Was mache ich, wenn ich das Buch wirklich nicht mehr sehen kann?
Es ist völlig in Ordnung, wenn Sie eine kleine Pause brauchen. Sie können das Buch für ein paar Tage unauffällig weiter nach hinten ins Regal stellen oder vorschlagen, dass heute mal der andere Elternteil oder die Großeltern genau dieses Buch vorlesen. Alternativ können Sie Ihr Kind bitten, Ihnen die Geschichte anhand der Bilder selbst zu erzählen.
Wie lange dauert diese Phase der extremen Wiederholung an?
Das ist von Kind zu Kind sehr unterschiedlich. Bei vielen Kindern ist dieses Bedürfnis nach Wiederholung zwischen dem ersten und dritten Lebensjahr besonders stark ausgeprägt. Sobald das Gehirn die Informationen des Buches vollständig verarbeitet hat und das Kind nach neuen Herausforderungen sucht, wird das Interesse am alten Lieblingsbuch ganz natürlich abnehmen.
Zusammenfassung
Die Begeisterung für immer dasselbe Buch ist ein wunderbares Zeichen für eine aktive Entwicklung. Hier sind die wichtigsten Punkte für Ihren Alltag:
- Wiederholungen geben in einer komplexen Welt emotionale Sicherheit und Halt.
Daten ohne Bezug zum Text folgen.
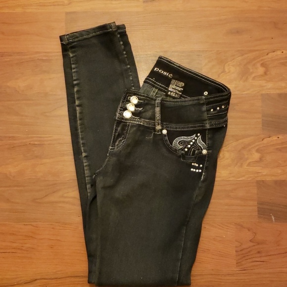 NWOT Three buttons, dark wash, no back pockets, faux front pockets. With embroidery.

- Das kindliche Gehirn nutzt bekannte Texte, um Sprachstrukturen und neuen Wortschatz fest zu verankern.
- Durch Pausen beim Vorlesen können Sie Ihr Kind aktiv in die Geschichte einbinden.
- Variationen in der Stimme machen das Vorlesen für beide Seiten interessanter.
- Die Verknüpfung von Bildern im Buch mit Gegenständen im echten Leben fördert das Verständnis.